### Task brief
Retype all of the data word for word, without pictures.

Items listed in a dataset
· · · ·
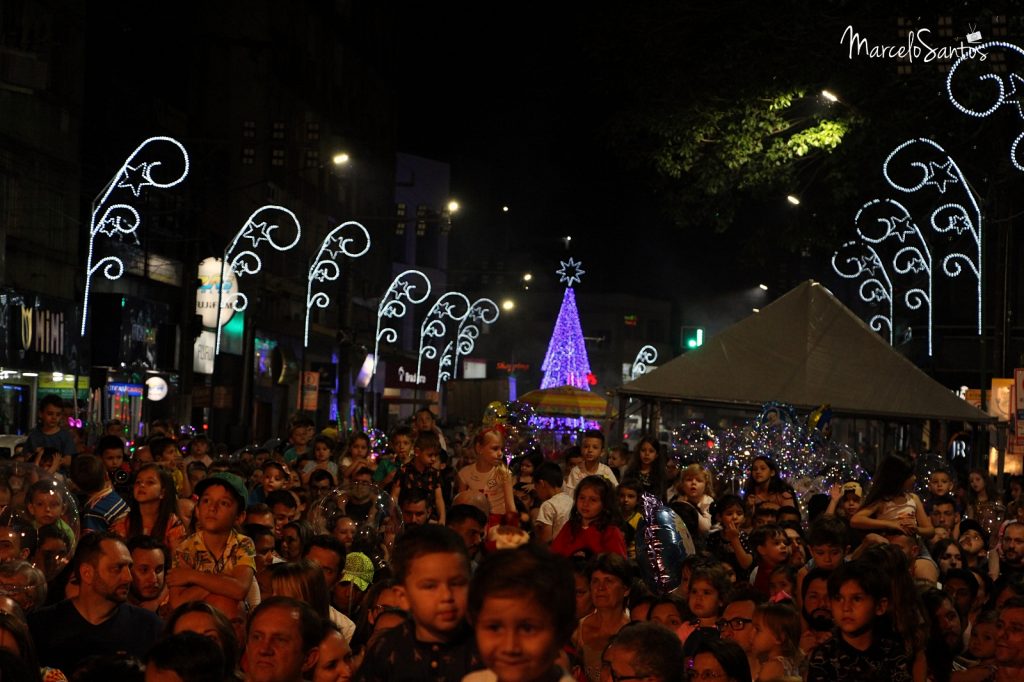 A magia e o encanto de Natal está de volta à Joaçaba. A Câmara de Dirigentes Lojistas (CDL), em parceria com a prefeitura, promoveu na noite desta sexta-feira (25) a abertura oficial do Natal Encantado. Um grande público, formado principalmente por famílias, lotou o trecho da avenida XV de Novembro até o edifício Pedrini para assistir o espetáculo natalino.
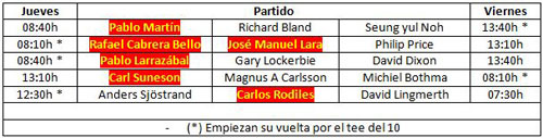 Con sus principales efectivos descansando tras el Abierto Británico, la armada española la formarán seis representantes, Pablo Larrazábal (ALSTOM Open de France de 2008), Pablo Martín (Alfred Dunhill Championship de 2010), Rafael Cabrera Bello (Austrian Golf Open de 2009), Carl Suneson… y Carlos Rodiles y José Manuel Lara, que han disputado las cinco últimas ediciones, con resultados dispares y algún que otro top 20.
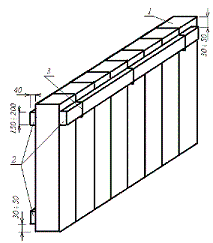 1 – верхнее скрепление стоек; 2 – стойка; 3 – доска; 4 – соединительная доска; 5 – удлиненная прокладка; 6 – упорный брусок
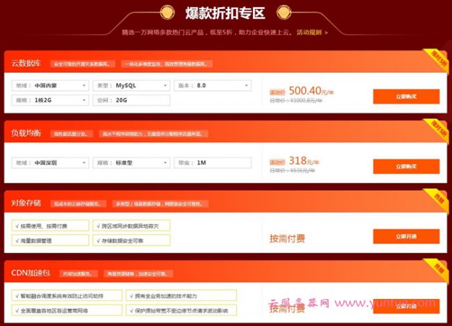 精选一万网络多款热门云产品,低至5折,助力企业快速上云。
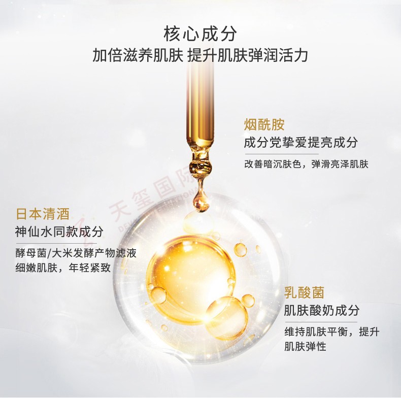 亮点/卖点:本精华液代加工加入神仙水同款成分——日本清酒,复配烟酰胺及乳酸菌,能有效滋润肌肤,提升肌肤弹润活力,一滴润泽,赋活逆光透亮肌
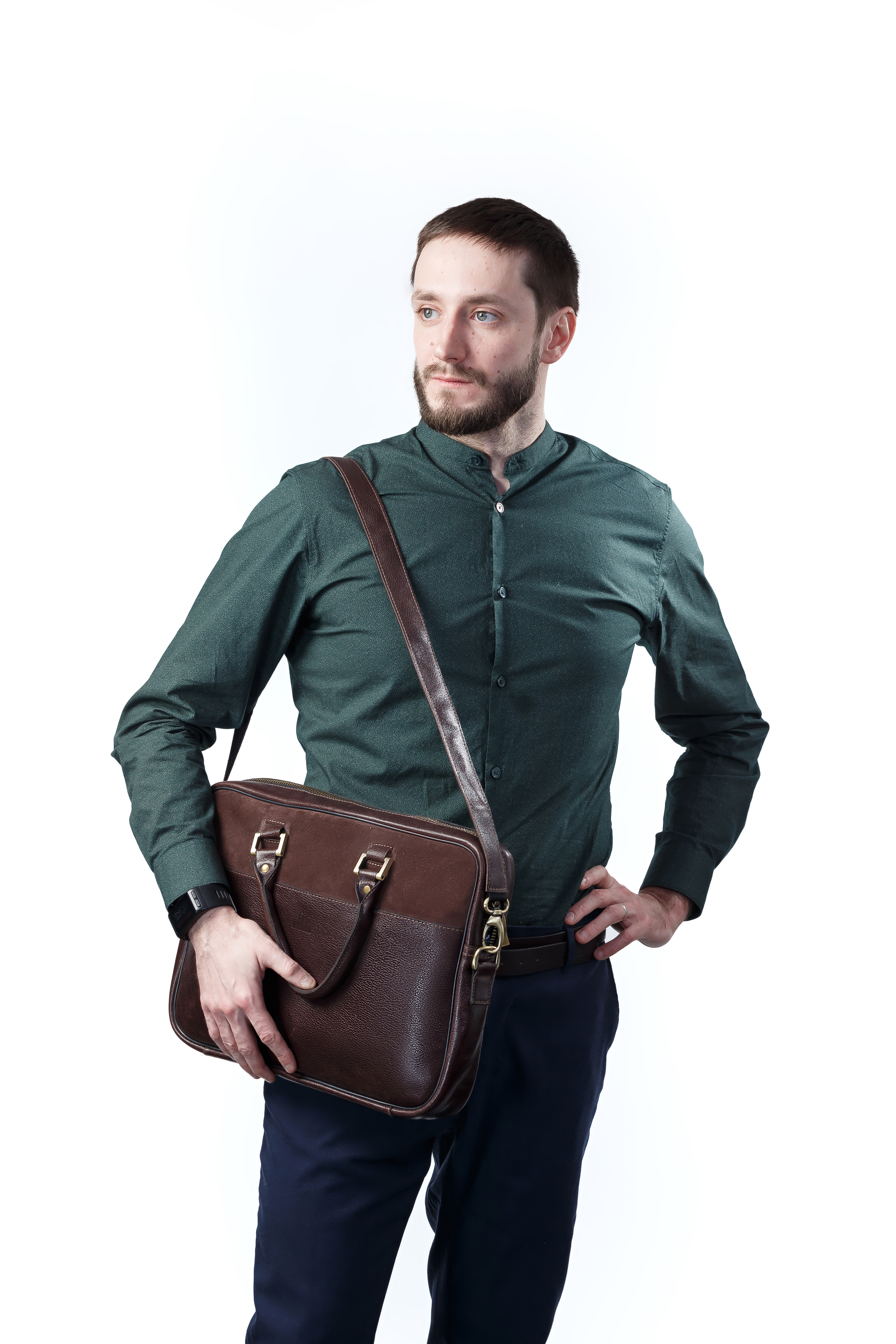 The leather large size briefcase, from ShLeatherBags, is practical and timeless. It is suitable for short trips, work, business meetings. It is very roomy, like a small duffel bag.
· · · ·
### Your response
 A magia e o encanto de Natal está de volta à Joaçaba. A Câmara de Dirigentes Lojistas (CDL), em parceria com a prefeitura, promoveu na noite desta sexta-feira (25) a abertura oficial do Natal Encantado. Um grande público, formado principalmente por famílias, lotou o trecho da avenida XV de Novembro até o edifício Pedrini para assistir o espetáculo natalino.
 Con sus principales efectivos descansando tras el Abierto Británico, la armada española la formarán seis representantes, Pablo Larrazábal (ALSTOM Open de France de 2008), Pablo Martín (Alfred Dunhill Championship de 2010), Rafael Cabrera Bello (Austrian Golf Open de 2009), Carl Suneson… y Carlos Rodiles y José Manuel Lara, que han disputado las cinco últimas ediciones, con resultados dispares y algún que otro top 20.
 1 – верхнее скрепление стоек; 2 – стойка; 3 – доска; 4 – соединительная доска; 5 – удлиненная прокладка; 6 – упорный брусок
 精选一万网络多款热门云产品,低至5折,助力企业快速上云。
 亮点/卖点:本精华液代加工加入神仙水同款成分——日本清酒,复配烟酰胺及乳酸菌,能有效滋润肌肤,提升肌肤弹润活力,一滴润泽,赋活逆光透亮肌
 The leather large size briefcase, from ShLeatherBags, is practical and timeless. It is suitable for short trips, work, business meetings. It is very roomy, like a small duffel bag.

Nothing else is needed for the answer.